So, to me, the solution to the achievement gap is simple and complicated at once: fill that gap. Instead of ushering in more test prep companies, have teachers provide one-on-one tutoring (or even one-on-two), for extra pay. Now, of course, this presents some problems. Who is going to tutor all the students in need?

Perhaps it's impossible to find tutors for all the students in need. Fortunately, many students "outgrow" tutoring. A school could set up a pilot tutoring program where interested teachers could work with students after school. The neediest students would be identified--and to stay in the tutoring program, they would have to do their part. Then, once they came up to a certain level, they could give their spot to another student.

Of course, for this to work, we would need to change the litigious atmosphere of the schools. Schools are afraid to have a teacher and a student alone in a room because of fears that a teacher might do something inappropriate (or at least face accusations). One temporary solution might be a "tutoring center" where a number of teachers could work with students in the same room.

Now, how many overworked teachers will agree to take on yet another job? I can say I would, because it is so effective. I have provided homeework assistance over the phone, and found that it made a difference, even with the limitations of phone tutoring.

One under-mentioned problem with No Child Left Behind is the "No Child" part. There's a hidden implication that no action is desirable that doesn't benefit all students. If you can't tutor every single one, don't tutor any of them. That sort of thinking stands in the way of solutions. I believe that if you provide extra help for a few, you will ultimately boost the level and morale of the whole. Selective tutoring may be unfair in some ways, but still better than no tutoring at all.

 
At 1/13/07, 2:59 PM, Anonymous Anonymous said...

Nobody washes a rented car. Make the parents pony up some real dough for their kids' education and you'll see attitudes change quickly.

 
At 1/13/07, 4:05 PM, Anonymous Anonymous said...

I think that there is a minority achievement gap that is a result of our nation's history. However. I think that this gap is changing -- many minority families and individuals have overcome the weight of history. The gap is now becoming not a minority achievement gap, but a socio-economic one.

Your observations so parallel my own that I wonder if we don't teach in the same school! Overlying all of this is an attitude of 'specialness' -- every Kid and each and every one of that Kid's parents totally believe right down to their toes that Kid is better than anyone else on earth and is therefor entitled to whatever his/her heart desires, including results and rewards without effort of any kind. After all, the great tragedy would be if Kid felt 'bad' about anything. Except you, of course.

(Please forgive teh snotty tone, but I've been embroiled with one particular student and his family for awhile, and it's rubbing off on my view of the world.)

 
At 1/13/07, 4:23 PM, Anonymous Anonymous said...

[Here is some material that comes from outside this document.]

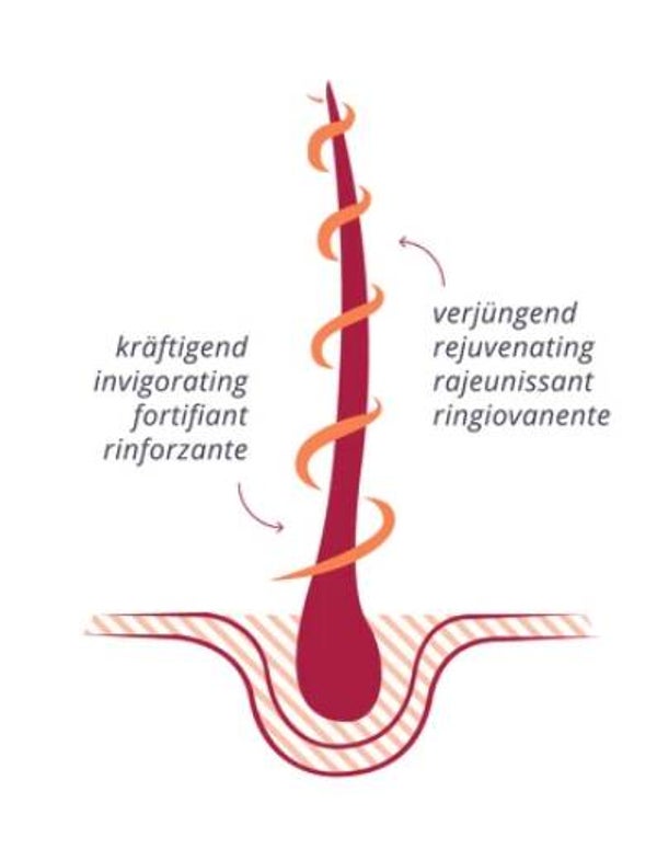 Cet extrait de plantes Ayurvédiques riche en principes actifs renforce la racine et la structure des cheveux.

my whole thesis for my masters is on this very issue of closing the achievement gap, but by looking at parenting styles and parental involvement. Interestingly enough as some others' have commented, when you look at both race and SES, you find that SES has much more to do with the achievement gap than does race/ethnicity.

NCLB doesn't look at the whole child and the circumstances in which they come from. If we are serious about closing the achievement gap, then our policy makers need to be as equally serious about closing the economic gap.

 
At 1/13/07, 6:36 PM, Anonymous Anonymous said...

Great comments everyone!

AVID has done wonders in our high schools and we're trying to implement it in middle school.

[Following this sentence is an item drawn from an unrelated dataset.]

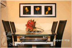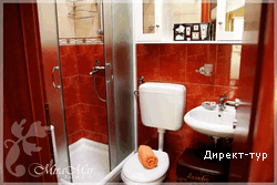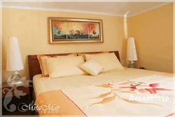 Двухкомнатный номер, в спальне французская кровать, зал с диваном, встроенная мини-кухня, холодильник, чайник, кондиционер, плазменный телевизор (спутниковое телевидение), холодильник, утюг, фен, ванная с душевой кабиной.

I attended one of the Ruby Payne workshops two summers ago and it changed my way of looking at my kids and how I teach. It made me a better teacher and helped me to understand my kids better.

I agree that it's not really a race gap anymore but rather a socio-economic gap. I see kids miss days all the time because they're baby-sitting, going shopping, sleeping in, etc. If parents don't see a value in education, then the kids won't.

The sense of entitlement, and the corresponding whining, drives me nuts. When I went back to college to become a teacher (I was 38), the 20 something students in classes with me were the laziest group of whiners I'd ever seen. I wouldn't let any child of mine be taught be these twits who bitched and moaned over every assignment. Perhaps we've produced generations of kids who've had it too easy (and buy in to the media hype that an iPod is a necessity) and who don't value work.

 
At 1/13/07, 8:01 PM, Anonymous Mike said...

Acheivement gap? Reasons: Culture, victimhood and racial identification over all. Oh yes, and the idea that 15 year old slackers whose primary accomplishment in life is getting drunk as often as possible deserve "respect" from accomplished adults.

I'm being a racist? I don't worship at the altar of Ruby Payne? I'm this ist and that ist? OK. Why, then do some racial groups, such as Asians, excel in school and life? Is if possible that Bill Cosby (among others) is correct that the most important factor in the success of any minority group is getting off their buns, shutting their mouths, and performing in school and in life?

Nah, couldn't be that.

 
At 1/13/07, 8:06 PM, Anonymous Anonymous said...

"I agree that it's not really a race gap anymore but rather a socio-economic gap. I see kids miss days all the time because they're baby-sitting, going shopping, sleeping in, etc. If parents don't see a value in education, then the kids won't."

I agree that it's not a race gap, but what you're describing isn't a socioeconomic gap, but rather a culture gap. The lackadaisical attitude in that particular culture could lead to a socioeconomic gap, or course. Or maybe it isn't lackadaisical, but rather a problem of misplaced priorities.

I've read that some inner city schools in Memphis see a 66% turnover in their classes during a given school year, due to people moving around for whatever reason they do that. I can't see the problems these children have as being anything the school system can fix, apart from having some kind of standardized curriculum, which they do attempt to do. The government can't fix it either. Don't know what the solution is.

 
At 1/14/07, 11:45 PM, Blogger "Ms. Cornelius" said...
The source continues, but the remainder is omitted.